Приработок в колхозе – это очень кстати, тем более что оплачивать будут хлебом, по трудодням, а хлеб, по народной пословице, всему голова. Глупо было б сомневаться и колебаться, за чем вернее кинуться: за караваем, скажем, или за грибами, кинуться следует за караваем, но и грибы, по возможности, не упустить. И вообще, расчёт расчётом, а призыв властей в любом случае нельзя сбросить со счетов. Так обстоятельно толковали родители на долгом ночном совете, как это было у них заведено.

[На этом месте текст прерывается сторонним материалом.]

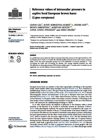 Gál, János and Sebesztha-Kojer, Judit and Sós, Endre and Sebesztha, Bence and Hoitsy, Márton György and Nógrádi, Anna and Ziszisz, Árisz (2025) Reference values of intraocular pressure in captive bred European brown hares (Lepus europaeus). ACTA VETERINARIA HUNGARICA, 73 (4). pp. 207-211. ISSN 0236-6290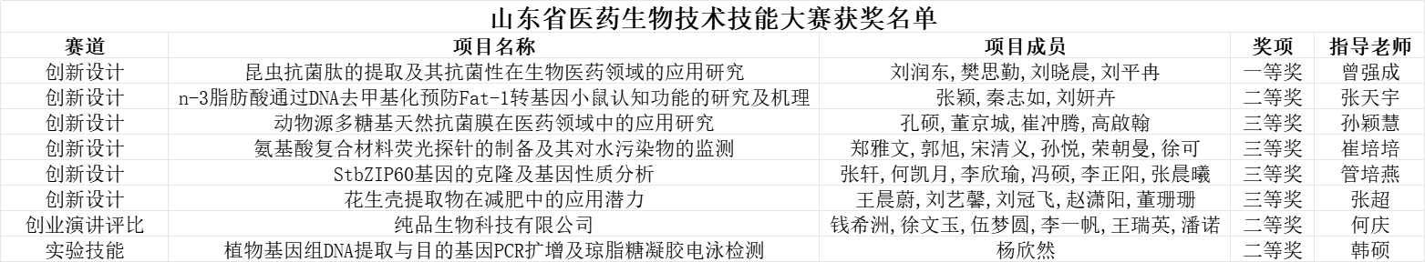 公司员工最终荣获实验技能赛道二等奖1项;创新赛道一等奖1项、二等奖1项、三等奖4 项;创业赛道二等奖1项的优异成绩。此次大赛的成功举办,不仅为老员工提供了一个展示自我、交流学习的平台,也进一步促进了各高校之间在生物医药类专业教学、科研和创新创业方面的交流与合作,同时也为推动山东省生物医药产业的创新发展注入了新的活力。
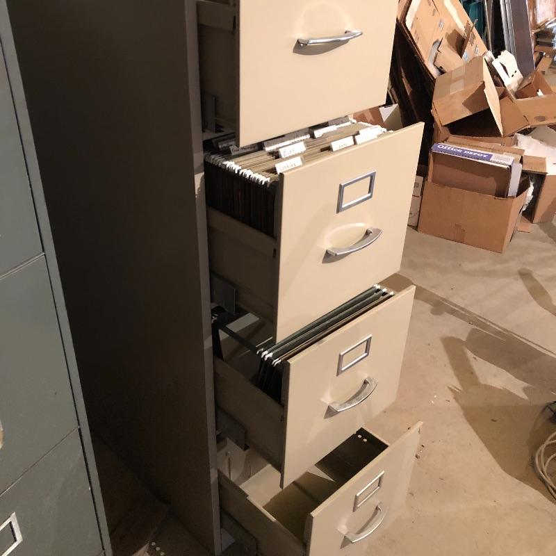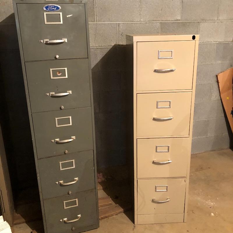 You will never have to search for another piece of paper again with this lot! This lot includes two heavy duty filing cabinets. The gray filing cabinet is a Columbia cabinet made out of Fort Washington, Pennsylvania and has five drawers. Each drawer has a ball bearing arm and rolls out very smoothly. It’s dimensions are 14.5” x 60” x 28.5”. The beige filing cabinet is a four drawer cabinet and also has ball bearing arms. It’s dimensions are 15” x 52” x 25”. Also included, Bring help to load these filing cabinets as they are heavy. Local pick up only.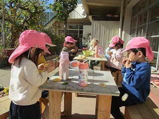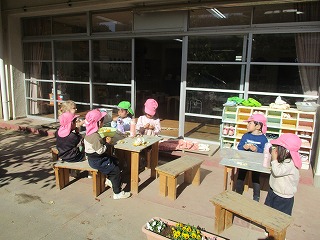 今日も朝から青空がきれいな一日でした。満3歳、年少、年中組は外遊びを楽しみました。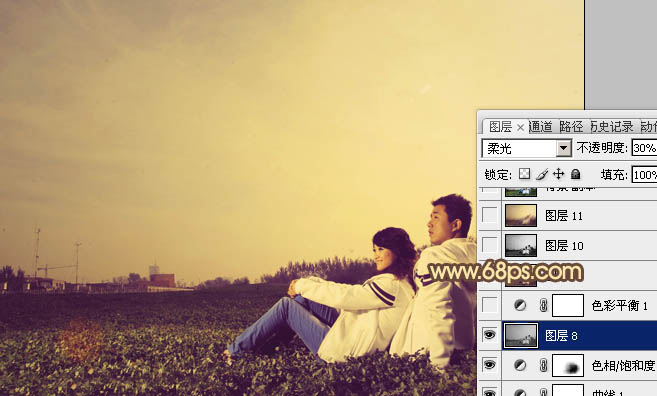 Photoshop调出外景情侣图片柔和的紫黄色(7)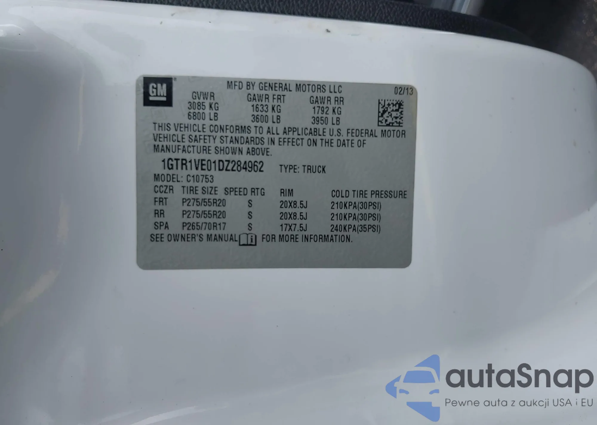 • VIN 1GTR1VE01DZ284962

С колхозной работой, к слову сказать, мы с братом познакомились ещё до войны. В сенокосную пору родители по собственному почину посылали нас денька на два на покос. Они долго, длинно и совсем неубедительно внушали, что нам это пойдёт на пользу. Колхозники были явно довольны такими слабыми и неумелыми помощниками, подбадривали и подхваливали нас наперебой, мы же, сгорая под беспощадным июльским солнцем, чувствовали себя каторжниками: слишком велика была разница между ребячьими занятиями, вольными и радостными, словно игра, и жёстким трудовым распорядком долгого, как год, артельного летнего дня. «Никто ведь из учителей не заставляет своих сыновей тут поджариваться, – думалось нам, – а мы что же, рыжие, выходит?! Да и зачем уметь заготавливать сено? Не колхозниками же мы будем, когда вырастем!»
О комбайнах на Лене в те годы не слыхано было. Хлеб убирали жнейками и серпами. В первый день, помню, жали пушистый ячмень у извилистой речки Захаровки, жали, помню, втроём: папа, мама и я. Им было чуть-чуть грустно и празднично: вспоминали прошлое, молодость свою. Движения у меня ещё не были отработаны, утомившись, я заспешил и сплоховал – из порезанного пальца брызнула кровь.